Easy enough with a pump action shotgun :Shock:   :Sneaktongue:    
Jamjar,
the bondcrete sealer on the wall is the problem. Not sure how you would remove it. You may be able to soften it if you could soak it in water. On a vertical surface that might entail hanging or pinning wet bags to it un til it's softened and then hitting it with a high pressure jet. Try just a high pressure jet first though, you might get lucky. 
Mick

----------


## jamjar

Thanks for the response. FYI, I called Bondall today and they confirmed that Bond Crete would become soft when hot water is applied. So there goes my Easter, cheers

----------


## scooter

Jamjar, if you can get access to a steam cleaner, such as some workshops use to clean greasy engines & the like, could be the go to soften & remove the Bondcrete. 
Another idea could be to put the inlet hose for the pressure washer in a bucket of hot water, that should work fine too. Probably worth trying first.  
Good luck................cheers.....................Sea  n

----------


## schwerdty

Buy bagged render in 20-25kg bags and mix with water. Too many people think rendering is about nailing in battens and screeding etc.  Go to a rendering outlet, buy the product (its cheap) and the correct applicators and ask them to tell you how.  I learned from some professionals and now run a little weekend trade in it.  If you want more precise info on application, just let me know.  Rendering is about applying thin layers (two to three) in which each is flatter and smoother than the previous.  First layer, about two millimetres, next two layers about one to two mills at most.
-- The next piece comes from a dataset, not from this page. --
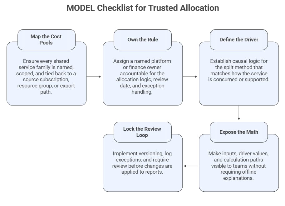 A showback model does not earn trust because it exists. It earns trust because people can trace the logic, test the driver, and see that the rules are owned and reviewed. That is what turns a monthly cost report into a tool teams will actually act on.
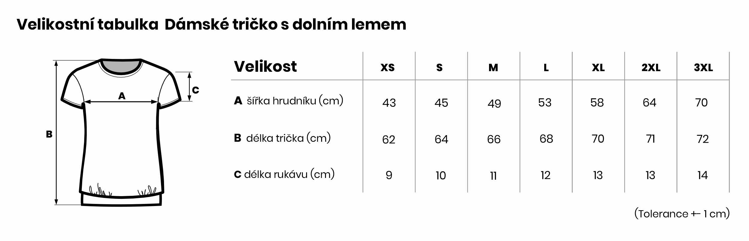 Velikostní tabulka Dámské tričko s dolním lemem

Apply with steel Trowel thinly. It will stick easily. Even upside down on a roof. Home made render blends are much too difficult. Bags cost between 11 and 20 dollars and do a fair bit of a wall.

----------


## Joister

i'm with schwerdty, 
i was mixing my own render up and have just go with pre-mixed bags 
definitely go for the few coats - what i've been doing is using the first coat to fill holes, old traces (pipes, conduits, etc..) and repointing bricks (filling in broken away mortar) 
i usually run a few scratch marks between coats to give a key for the next coat 
apart from a steel trowel what is also handy is a mud board so that you can 'push' the render off the board and on to the wall and a long straight edge to level out your job - usually doing the last step once the render has firmed up a bit 
you can also run a wet sponge over the job once it's firm if you want to change the texture 
if you want to mix your own what i found worked well was 6 washed sand to 1 lime to 1 cement (for interior) - for exterior dropped the lime down quite a bit and made it a 5 to 1 regards sand to cement 
hope this helps

----------


## Joister

forgot to mention about keeping the wall moist - a must i reckon - one of those pump up garden type sprays works pretty well otherwise a hand spray 
on a hot day i've also given the render once on the wall a mist spray of water now and again

----------